Right now, the need to write is the one wrenching the chain, even as I feel I have nothing TO write. The blank page is as annoying as it is intimidating. I can only write about having nothing to write about so often, and I've an ungodly number of entries over the years written about exactly that phenomenon.

Age. Aging is something I've been thinking about. Specifically, aging and the body and when it eventually catches up to us. When the bad habits of youth finally takes hold of our bodies and we, having half-believed ourselves to be immortal (as young people do), are suddenly confronted by our own lives.
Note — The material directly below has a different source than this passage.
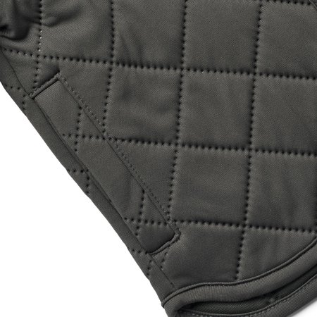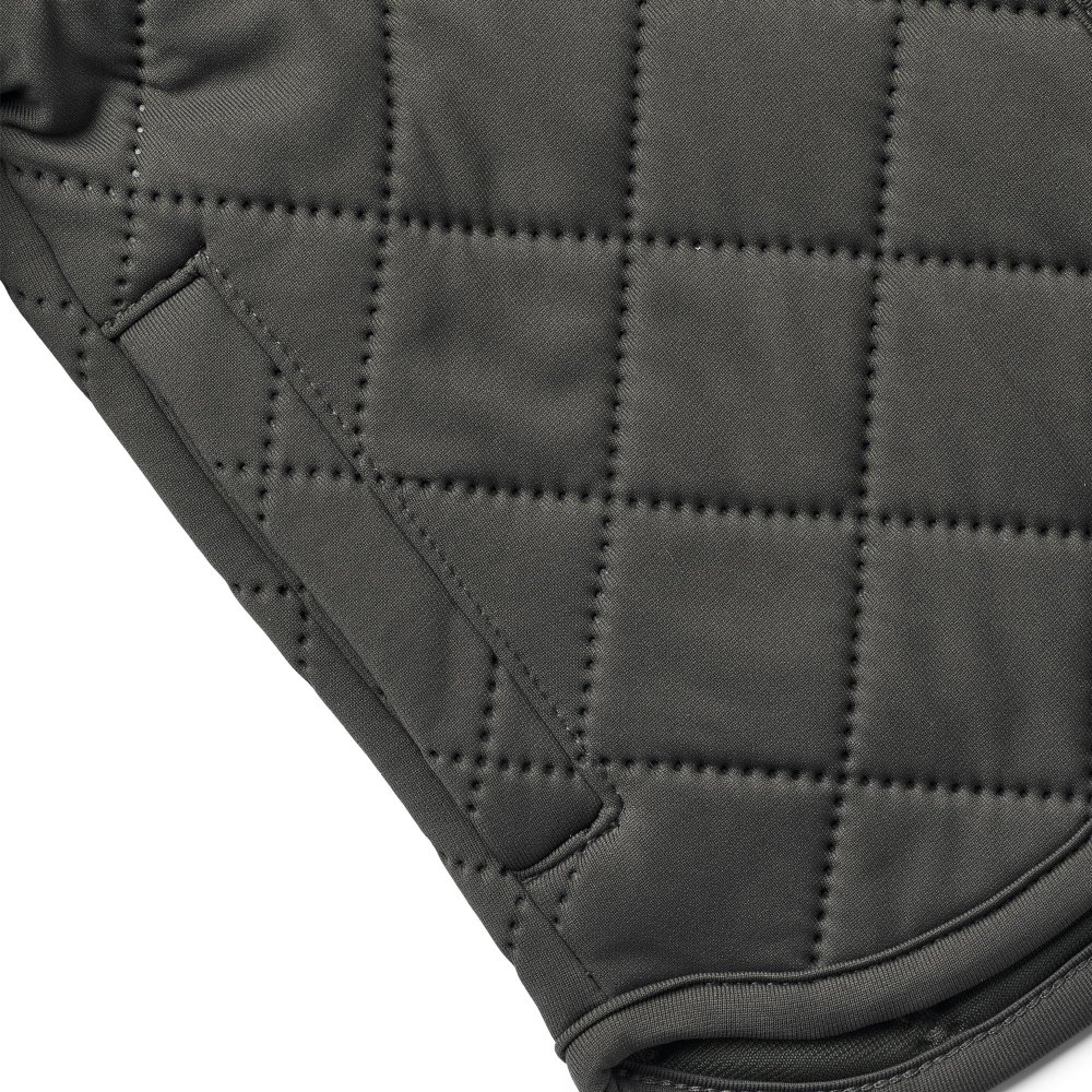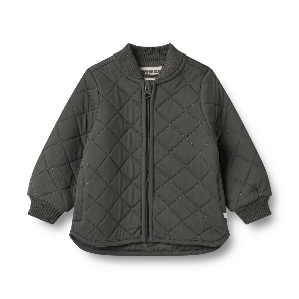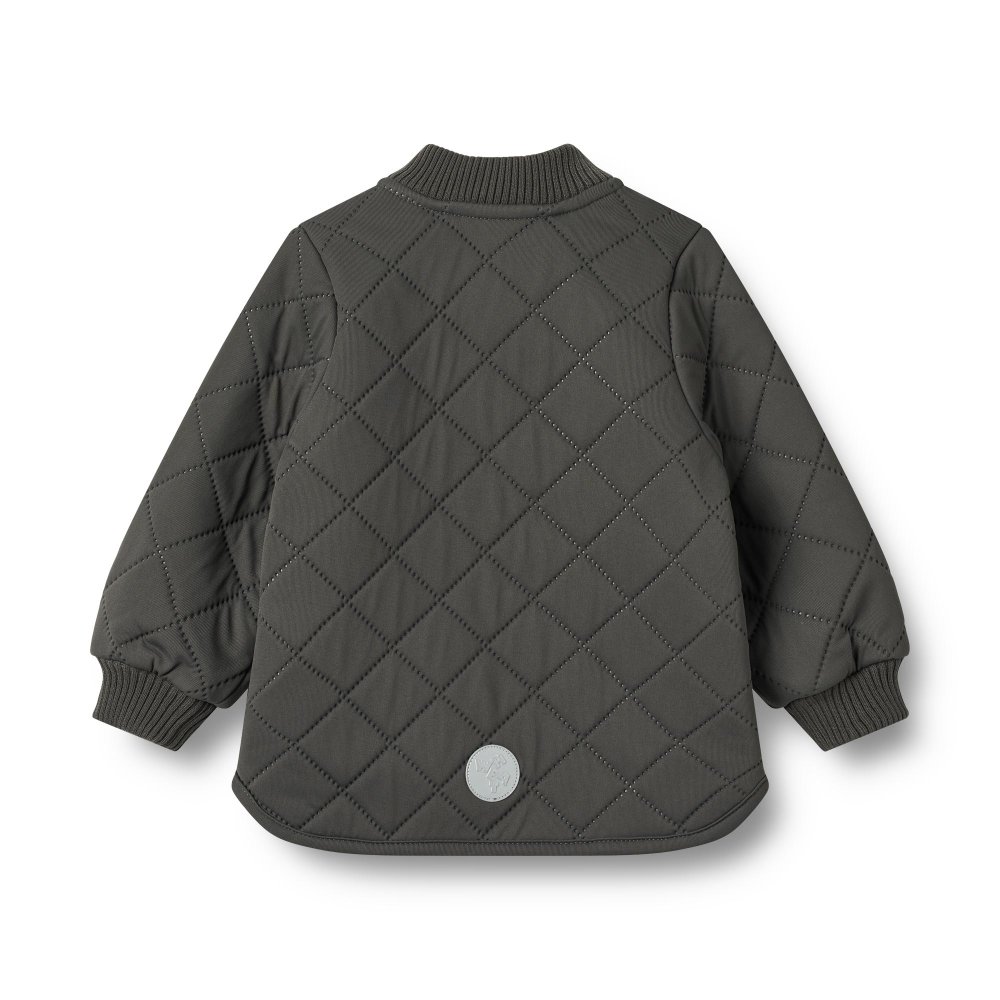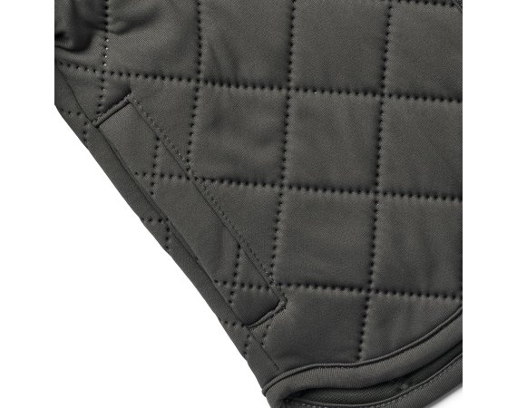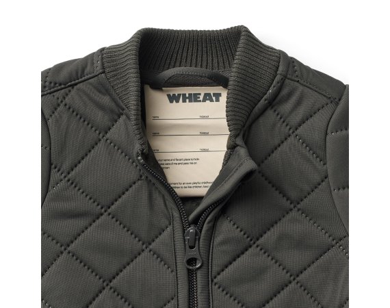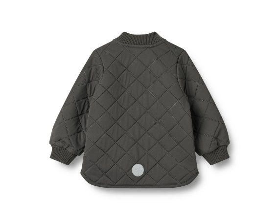 Jakken er lavet i 100% genanvendt polyester i tre isolerende lag. Den har krave og manchetter i rib.

I am 35. My friends, and my friend's friends, are also in their mid-30's. One by one, I either see or hear of someone in those circles becoming sick. Diabetes and other weight related issues are the majority of what's landing on these people. There are a few others who got sick like me, who just landed on bad genetics. But either way, it is astounding to me that all at once, a ton of us are facing severe bodily consequences.

What is it about the mid-30's that does that? Regardless of how one gets so sick, the leading theme to it all seems to be age. It's got me a little befuddled. I'd always thought of diabetes or cancer or other such things that happen to older people, like people in their 40's and 50's.

Maybe it's just a case of not wanting to admit that 35 isn't actually as young as I want to think it is, and that I actually AM the age that these things happen in. It wouldn't be the first time a person didn't want to admit that they are, indeed, old.

I remember being 17 years old and wondering what my 30's would bring. It seemed so far away. Anyone over 20 was considered older and anyone over 30 was simply considered old. Certainly I had no way of knowing that I would have lupus sprung on me, or that the various trappings of adulthood (such as divorce, finding and losing jobs, etc) would be so prominent.

But now being in my mid-30's, and seventeen years old seeming as equally far away now as 30 did then, I wonder...what is about the mid-30's that is making us all so sick at once?

I wonder what things will be like when I am 50. And I wonder if it will be the same as here, simply with different problems. I imagine it will be. Time is time and it does what it does.

For today, I guess that has to be enough.